- Interactive map of Gmina Adamówka
- Coordinates (Adamówka): 50°15′32″N 22°41′42″E﻿ / ﻿50.25889°N 22.69500°E
- Country: Poland
- Voivodeship: Subcarpathian
- County: Przeworsk
- Seat: Adamówka

Area
- • Total: 134.27 km^{2} (51.84 sq mi)

Population (2011)
- • Total: 4,198
- • Density: 31.27/km^{2} (80.98/sq mi)
- Website: http://www.adamowka.pl/gmina/

= Gmina Adamówka =

Gmina Adamówka is a rural gmina (administrative district) in Przeworsk County, Subcarpathian Voivodeship, in south-eastern Poland. Its seat is the village of Adamówka, which lies approximately 26 km north-east of Przeworsk and 56 km north-east of the regional capital Rzeszów.

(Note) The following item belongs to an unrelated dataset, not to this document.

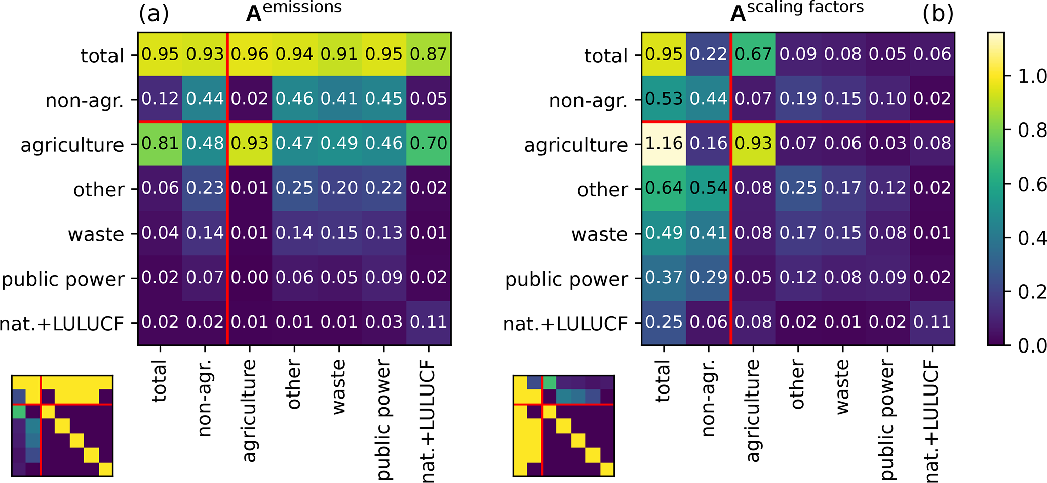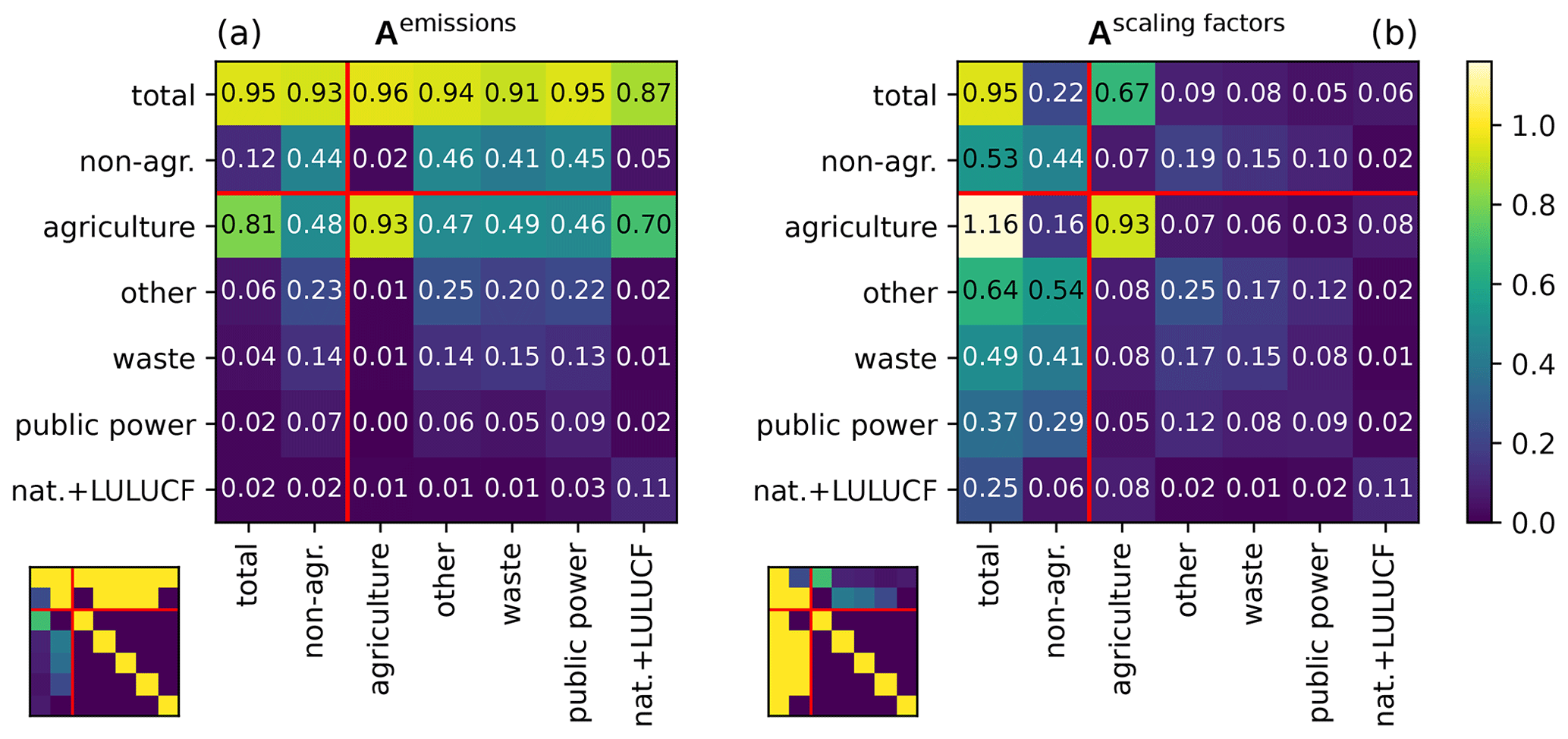 The first row of Fig. 7a indicates that the total German posterior emissions follow changes in every sector with high accuracy (88 % to 96 %). The diagonal of Fig. 7a signifies that changes in the agriculture will be detected very well and also the attribution to the sum of all other anthropogenic sectors excluding LULUCF (“non-agr.”) will be mostly correct. However, LULUCF plus natural fluxes will in large parts be falsely attributed to the agriculture (second row, last column). Note that ideally, the first row and the diagonal elements would be close to 100 % (color-coded in the small matrix bottom left). The averaging kernel Ascaling factors in Fig. 7b shows that the influence of LULUCF and natural emissions on the posterior scaling factor for agriculture emissions remains low (second row, last column). But if all emissions are scaled by the same factor (first column), the changes will be mostly attributed to the agriculture sector. This effect is expected because the agriculture sector has the highest absolute a priori uncertainty, which makes changes in agriculture more likely than changes in any other sector. A formal derivation of this argument is presented in Appendix C.

The gmina covers an area of 134.27 km2, and as of 2006 its total population is 4,208 (4,198 in 2011).

==Neighbouring gminas==
Gmina Adamówka is bordered by the gminas of Kuryłówka, Leżajsk, Sieniawa, Stary Dzików, Tarnogród and Wiązownica.

==Villages==
The gmina contains the following villages having the status of sołectwo: Adamówka, Cieplice, Dobcza, Krasne, Majdan Sieniawski and Pawłowa.